ID Event_time Event_east Event_north Poi_east Poi_north Notify_time Pos_east Pos_north Pos_time1 Pos_east1 Pos_north1 Pos_time2 Pos_east2 Pos_north2 Pos_time3 Pos_east3 Pos_north3
1 11Feb2021:18:08:02 12.134963 55.461058 12.451788 55.421875 2021-02-11T18:09:55.000+01:00 12.124598 55.457985 2021-02-11T18:10:55.000+01:00 12.561334 55.876498 2021-02-11T18:11:55.000+01:00 12.457935 55.215469 2021-02-11T18:10:57.000+01:00 12.457896 55.897569
2 12Feb2021:16:12:00 12.457965 55.589512 12.021369 55.021369 2021-02-12T16:12:55.000+01:00 12.146026 55.012459 2021-02-12T16:12:56.000+01:00 12.012459 55.124598 2021-02-12T16:12:57.000+01:00 12.215498 55.124023 2021-02-12T16:12:58.000+01:00 12.459065 55.213026

 

I have several GPS- and timestamps (up to e.g. Pos_time60 and Pos_east60 etc). The different positions (pos_eastand pos_northn may represent a route of a biker). 

 

I want to:

 

1) Calculate the true-line distance from pos_east and pos_north (e.g. a biker's starting position) to event_east and event_north (the event). As I have several GPS stamps from 'the biker' (up to >60) I believe it could be done by straight-line calculation from pos_east to pos_east1 to pos_east2  to pos_eastn.... to event_east (the event). However, some of the last GPS-stamps from 'the biker' may be relatively close to the event GPS position. Therefore, the first position of 'the biker' within 25 meters from event_east and event_north should be used as the final position (if it makes any sense). 

 

I do not know how to incorporate all this in the geodist function. 

 

Thanks!

 

All best

/MM

10 REPLIES 10
ballardw
Super User

Please provide an example of what you want to calculate. With 60 points it is not clear exactly what you are calculating. Do you want the distance between successive pairs of points, i.e. 60 additional values? One value of the cumulative distance as you go to point to point?

 

Instructions here: https://communities.sas.com/t5/SAS-Communities-Library/How-to-create-a-data-step-version-of-your-dat... will show how to turn an existing SAS data set into data step code that can be pasted into a forum code box using the </> icon or attached as text to show exactly what you have and that we can test code against.

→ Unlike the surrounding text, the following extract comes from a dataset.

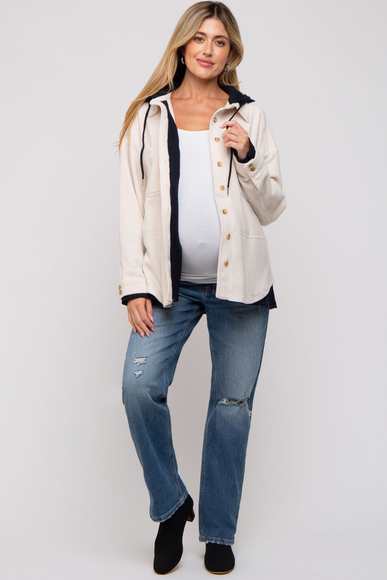 Ivory Soft Hooded Maternity Shacket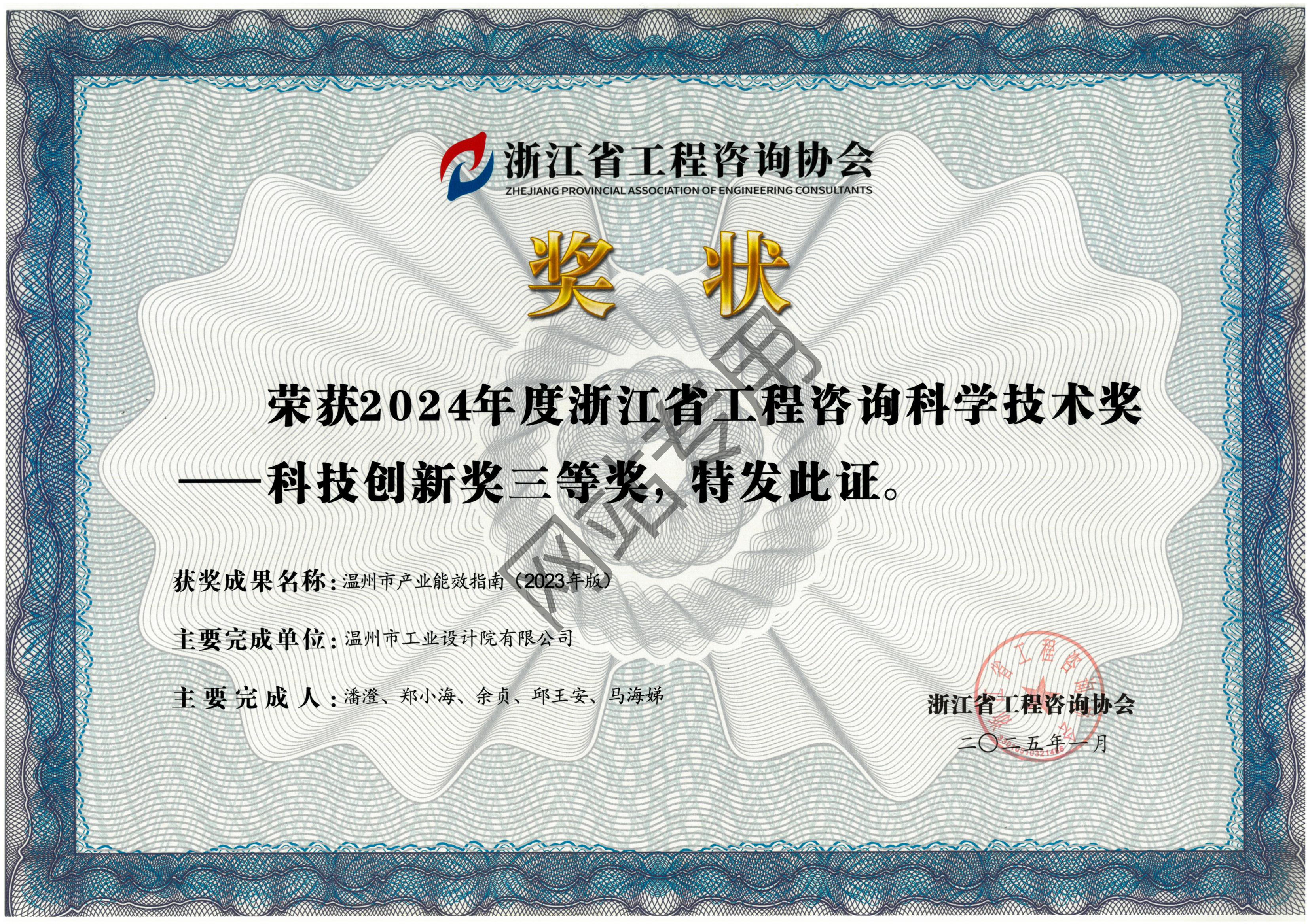 溫州市產(chǎn)業(yè)能效指南(2023年版)項目 2024年度省工程咨詢科學技術(shù)獎—科技創(chuàng)新獎獲獎三等獎

If you have data that is too sensitive to share either exclude the variable or change values so that they aren't sensitive.

 

I suspect that you be looking at a number of arrays such as this:

data example;
   set have;
   array pe (*) Pos_east: ;
   array pn (*) Pos_north: ;
   array d  (60);
   do i= 1 to ( dim(pe) -1);
      d[i] = geodist(pn[i],pe[i],pn[i+1],pe[i+1]);
   end;
   cumd = sum(of d(*));
run;

which calculates the distance between successive points, if I understand your data, and places each distance in the array D. The totals all those values.

You can get the index position in the arrays of "last" assigned values by using the N function: lastindex = n(of pe(*));

and use that index with the array to the pair of values for comparison with that "first position", not really well defined.

 

BTW including "the biker" in your description does not provide any information as there is no variable in the data with that designation. If you mean by ID, then use that since it is in the data.

Reeza
Super User
data example;
   set have;
   array pe (*) Pos_east: ;
   array pn (*) Pos_north: ;
    array d  (60); 


   do i= 1 to ( dim(pe) -1);
      d[i] = geodist(pn[i],pe[i],pn[i+1],pe[i+1]);

      *distance to event;
        d2event = geodist(pn[i], pe[i], event_north, event_east);
       *exit out of array loop once closes distance to event is found; 
       if d2event < 25 then leave;
   end;
   cumd = sum(of d(*));
run;
Reeza
Super User
Will you always have the same number of locations/time stamps for each user? I suspect not....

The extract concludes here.